AMSTERDAM (Reuters) - Dutch anti-immigration politician Geert Wilders was referred to prosecutors on Thursday after making anti-Moroccan remarks at a campaign rally.
Wilders, whose hard-right, euro-skeptic Freedom Party (PVV) leads opinion polls before municipal elections next week, told supporters in The Hague he wanted fewer Moroccans there.
The PVV is competing in two municipalities in the March 19 poll, The Hague and Almere. It is expected to emerge on top in the Netherlands in elections for the European Parliament in May.
The most recent opinion poll, published last weekend, indicated the PVV would be the single largest party in the Dutch parliament if national elections were held now.
Wilders told supporters on Wednesday they should vote “for a city with fewer problems, and if it’s at all possible, a few fewer Moroccans”, according to the ANP news agency.

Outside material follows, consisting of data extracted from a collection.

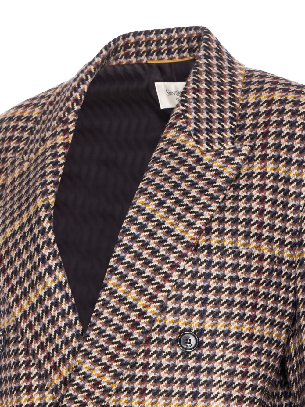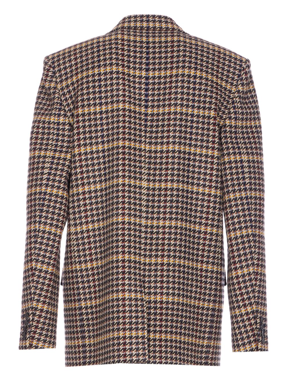 Giacca doppiopetto con sei bottoni e revers a lancia in lana certificata.
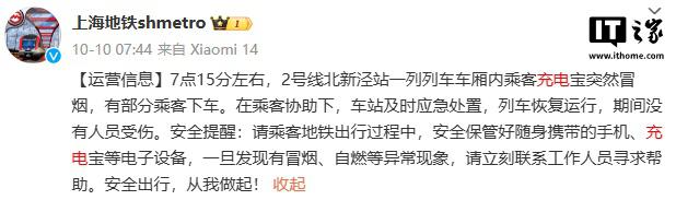 10 月 10 日 7 点 15 分大约,上海地铁 2 号线北新泾站列车车厢乘客充电宝突然起烟,部分乘客下车。在乘客的帮助下,车站得到了及时的应急管理,列车恢复运行,期间没有人受伤。
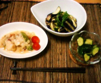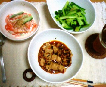 今日は残り物ご飯でした。きゅうりとトマトをそれぞれ簡単に料理し、作り置きしてあった麻婆納豆を解凍して晩ごはんです。きゅうりはにんにくと一緒に炒め、トマトはマヨネーズと和えて簡単なサラダを作りました。暑い季節、ちょっと工夫すると食も進んで夏バテ防止バッチリですね。
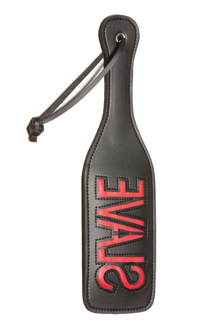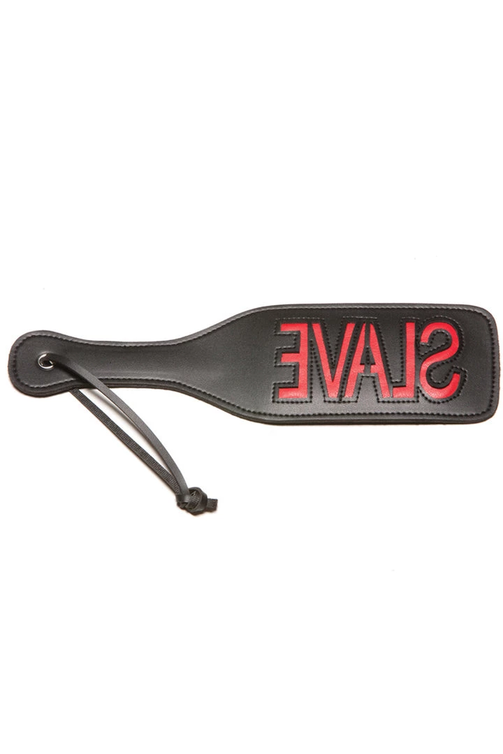 Actions speak louder than words with this ‘SLAVE’ Imprint Spanking Paddle. Discipline your kitten with this paddle that features double sided faux (imitation) leather, flexible ‘give’ at the flick of a wrist, loop wrist for a secure hold, and a recessed cutout of the word ‘SLAVE’ that will leave a mark after spanking.Â
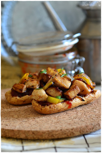 Con este pollo y tofu sobrante simplemente lo que hice fue depositarlos en unas rebanadas de pan salteados con pimiento amarillo, encima de mermelada de pimientos cuya receta tenéis aquí, y culminar con unas hojitas de perejil fresco
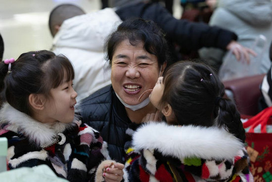 1月14日,在哈爾濱火車站候車大廳,小朋友和姥姥一起吃東西。她們從黑龍江省牡丹江市去往海南省??谑羞^(guò)年。新華社記者 張濤 攝
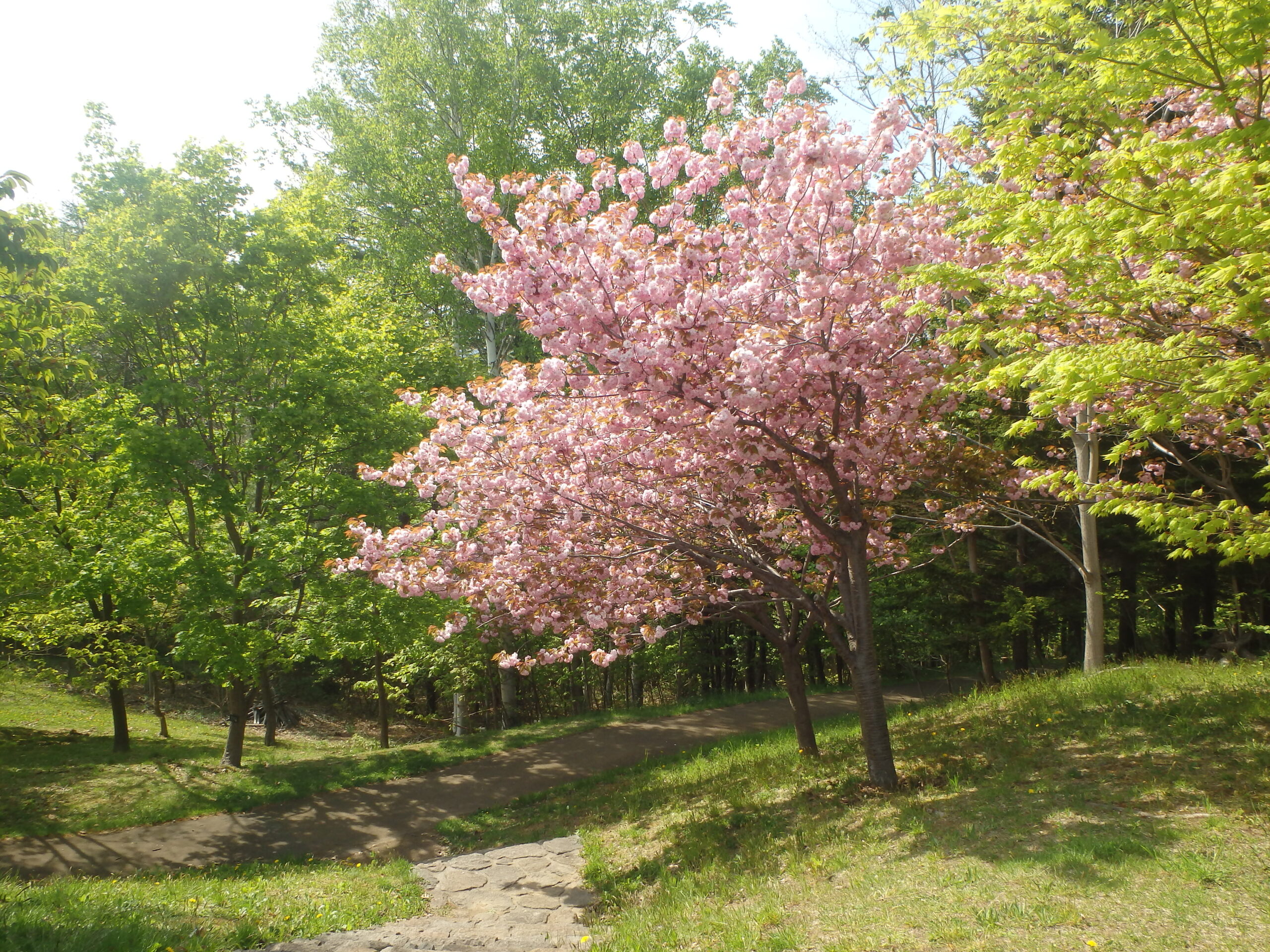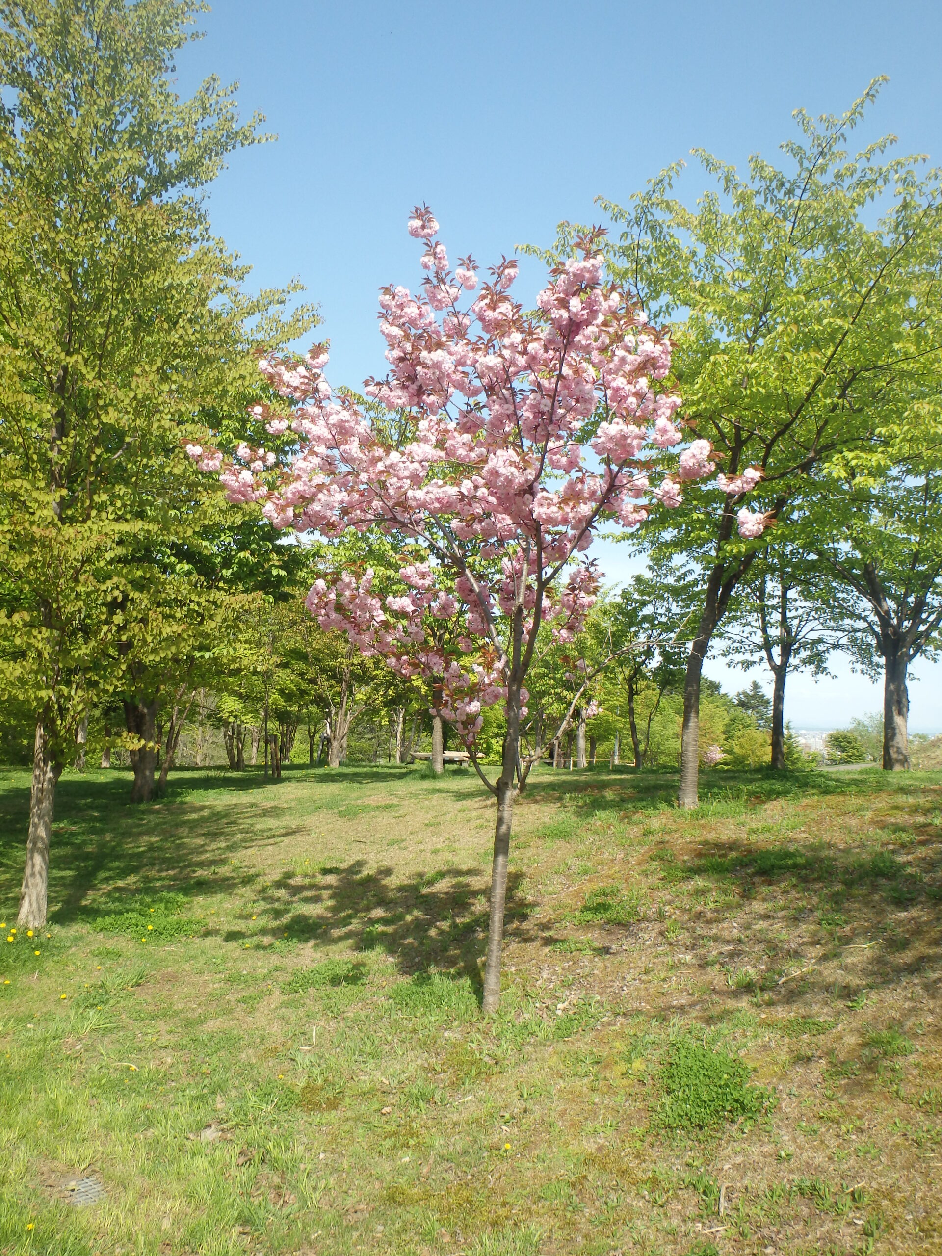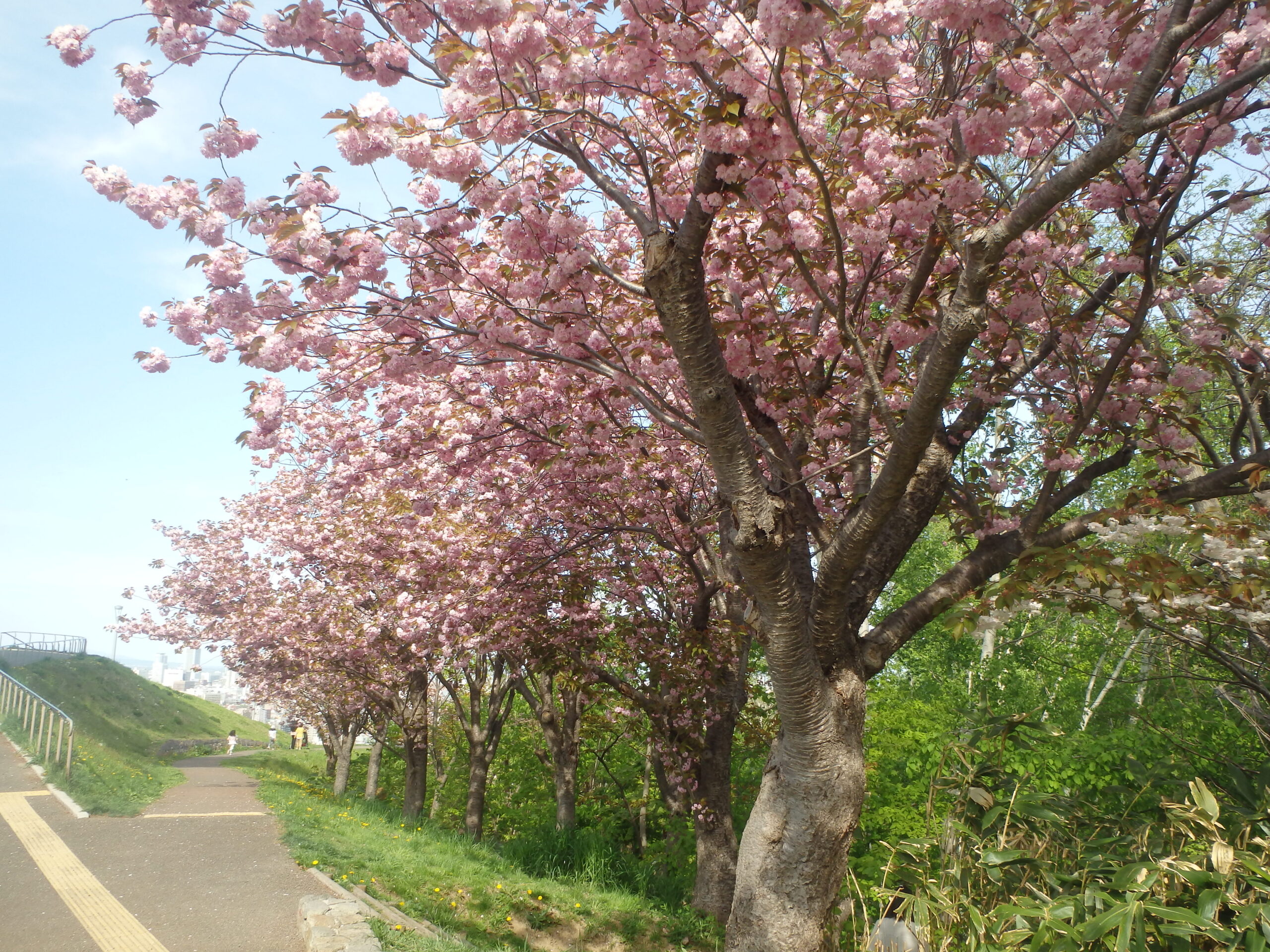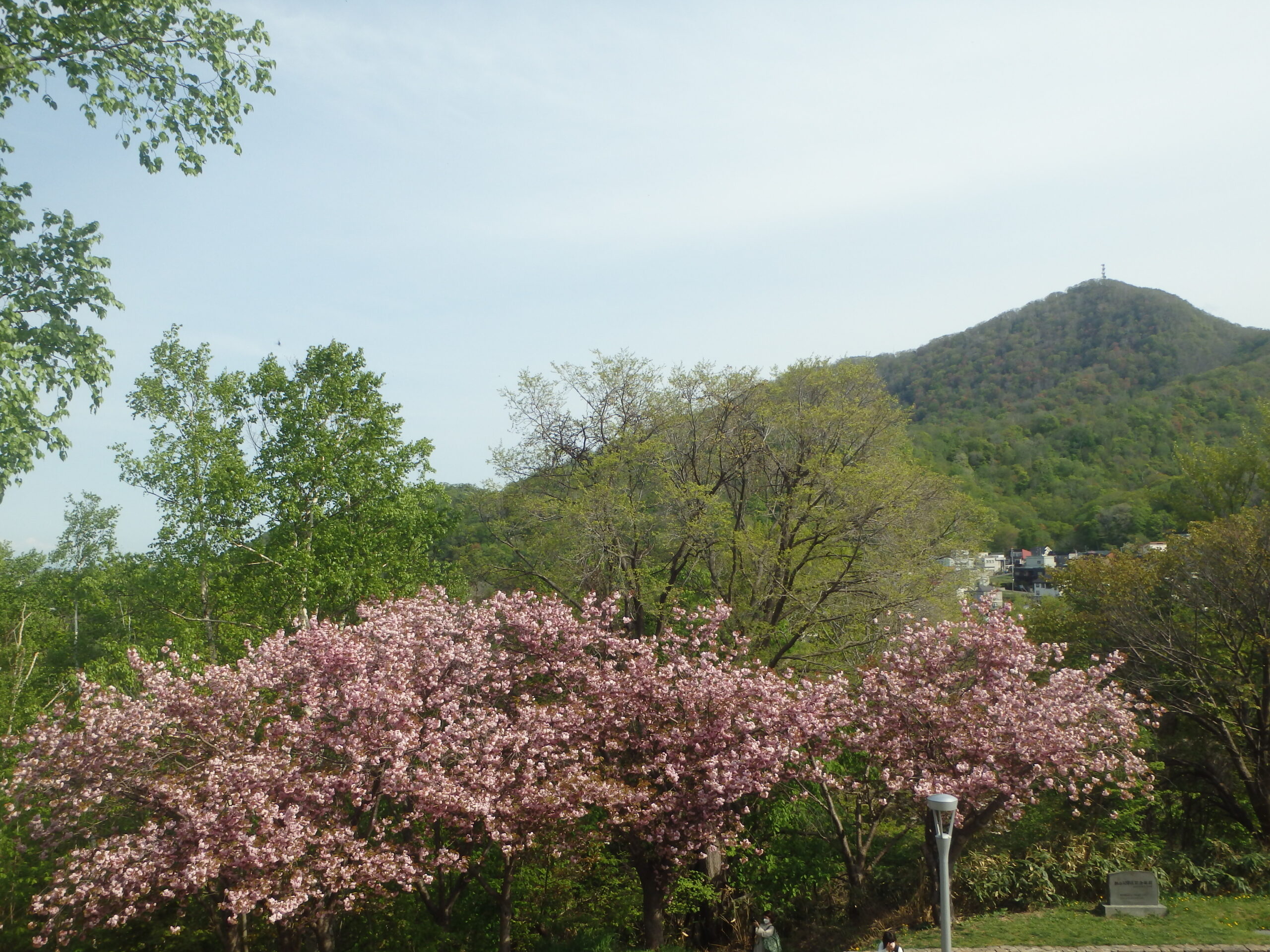 レストハウス横の階段から見た、八重桜と藻岩山。

A public anti-discrimination watchdog said it had received three complaints and passed them on to public prosecutors. The prosecutors confirmed they would consider the matter.
In a later interview with broadcaster RTL Z, Wilders said “Moroccan scum” should leave the Netherlands, and that Moroccans were over-represented in crime statistics and in the number of people receiving social benefit.
Wilders has a history of statements that upset Muslims and Eastern European migrant workers. He was prosecuted for hate crimes and discrimination for calling Islam a fascist ideology in 2007 and was acquitted in June 2011.
The Netherlands, which long prided itself on its liberalism, admitted millions of immigrant workers from Morocco and Turkey to fill jobs in an expanding economy after World War Two.
But attitudes have hardened as growth has slowed and jobs have become scarce, propelling a string of anti-immigration politicians to the top of opinion polls over the past decade.